For those who assume the post-Citizens United world of campaign spending means elections can be bought, the Ohio Senate race is a classic example of a bad candidate being kept afloat by cash. That’s the conceit of a Politico feature today about Josh Mandel, the Ohio Republican who is confounding his critics by staying within striking range of Democratic incumbent Sherrod Brown. According to the piece, Mandel ought to have been run out of the race due to a string of bad headlines. However, he has not only saved his candidacy but actually has a shot at winning due, as Politico tells it, to the infusion of out-of-state contributions and ad buys by super PACs that have duped the state’s voters into considering voting for him. But while there is no question that the efforts of the pro-GOP Crossroads America PAC and others like it have helped Mandel, Politico is exaggerating both the impact of money and Mandel’s supposed weakness.
As Politico notes, even Mandel has acknowledged that the support from national conservatives groups is a shot in the arm to his candidacy. Money can buy visibility and get a candidate’s message out to the public, especially when a politician has been pigeonholed as not ready for prime time–a problem the youthful Mandel has encountered. But campaign contributions and television ads can’t buy credibility. All the money in the world couldn’t have won a Christine O’Donnell a Senate seat or put Newt Gingrich in the White House. Though Mandel has had his share of negative stories during his short tenure as Ohio State Treasurer (he was first elected in 2010), the baby-faced Iraq War veteran has demonstrated the sort of intelligence and character that would give any politician a chance, especially against a liberal like Brown in a moderate/conservative state.

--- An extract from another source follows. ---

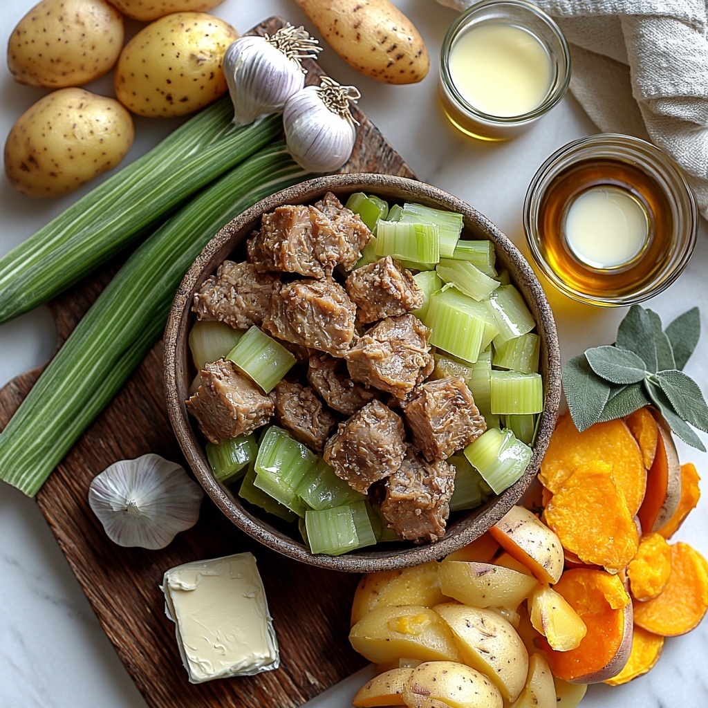 Though the ingredients for this Cozy Slow-Cooked Pork, Cider & Sage Hotpot Recipe are straightforward, each one plays an essential role in building layers of flavor, texture, and color. From the tender pork shoulder to the creamy topping and aromatic herbs, every element carefully complements the others.

It could have been argued that Mandel was too young and inexperienced to jump so quickly into the Senate race, especially as he had only come from out of nowhere to win state office for the first time less than two years ago. Politico assumes the missteps he has made in office would have sunk a candidate prior to Citizens United. But it should be understood that none of the string of damaging stories rise to the level of a scandal or the sort of egregious error that would normally end a career or a candidacy. However, the fact that he has risen above them, albeit with the help of a well-funded campaign, also shows he has enough on the ball and has made enough of a connection with the voters to allow them to either forgive or overlook them.

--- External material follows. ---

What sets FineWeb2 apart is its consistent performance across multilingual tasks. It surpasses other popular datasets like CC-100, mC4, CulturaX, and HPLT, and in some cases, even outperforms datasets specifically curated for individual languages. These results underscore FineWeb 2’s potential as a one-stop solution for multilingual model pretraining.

Just as important is that the “carpet bombing” of Brown by the super PACs wouldn’t be having an effect on the race if Mandel was really regarded by the public as a fool or if Brown was not the one many in the state consider out of touch with their opinions. Moreover, because Democratic PACs have been spending heavily on ads trashing Mandel, it’s not as if there isn’t a competing narrative available to the public. If Mandel is holding his own in the race — the last poll taken at the end of May by Rasmussen shows Brown leading by only five points — it is because he has convinced a critical mass of voters that he is credible.

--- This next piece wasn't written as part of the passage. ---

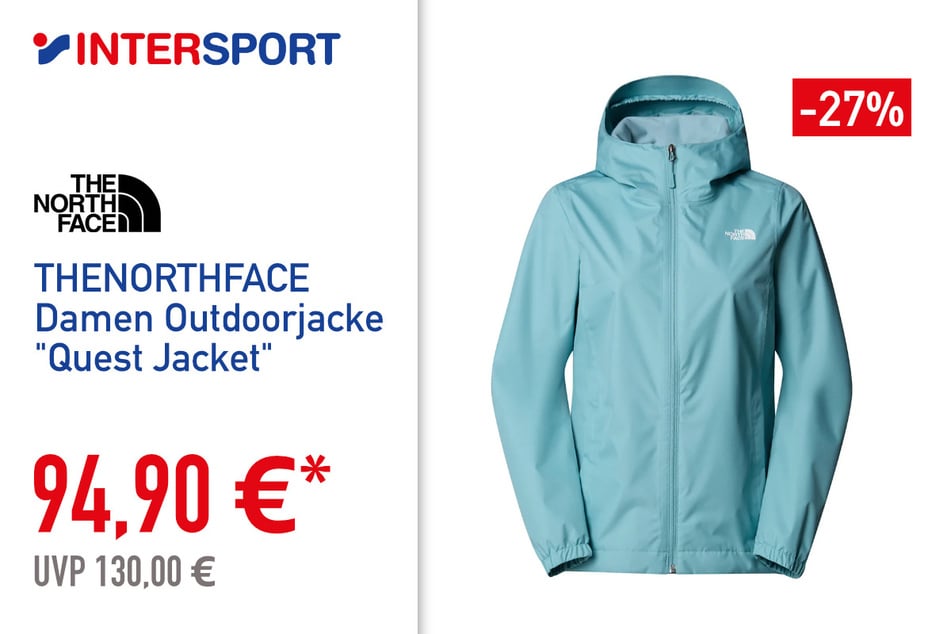 Die robuste wasserdichte THENORTHFACE Damen Outdoorjacke "Quest Jacket" für 94,90 Euro schützt mit DRYVENT™‑Technologie zuverlässig vor Regen und Wind, bietet eine verstellbare Kapuze sowie praktische Reißverschlusstaschen und ist damit ideal für Wanderungen und wechselhafte Wetterbedingungen.

Brown must still be considered the clear favorite in Ohio and can count on favorable coverage from mainstream media around the state. Though Mandel has shown enough promise to merit the investment from Republicans around the country, he must overcome being labeled as an upstart who has gotten ahead of himself. But Mandel is a bright young political talent who has already exceeded the expectations of his party and the media more than once. If this race stays close heading into the fall it will be because the voters like what they see in him, not because of the super PAC support.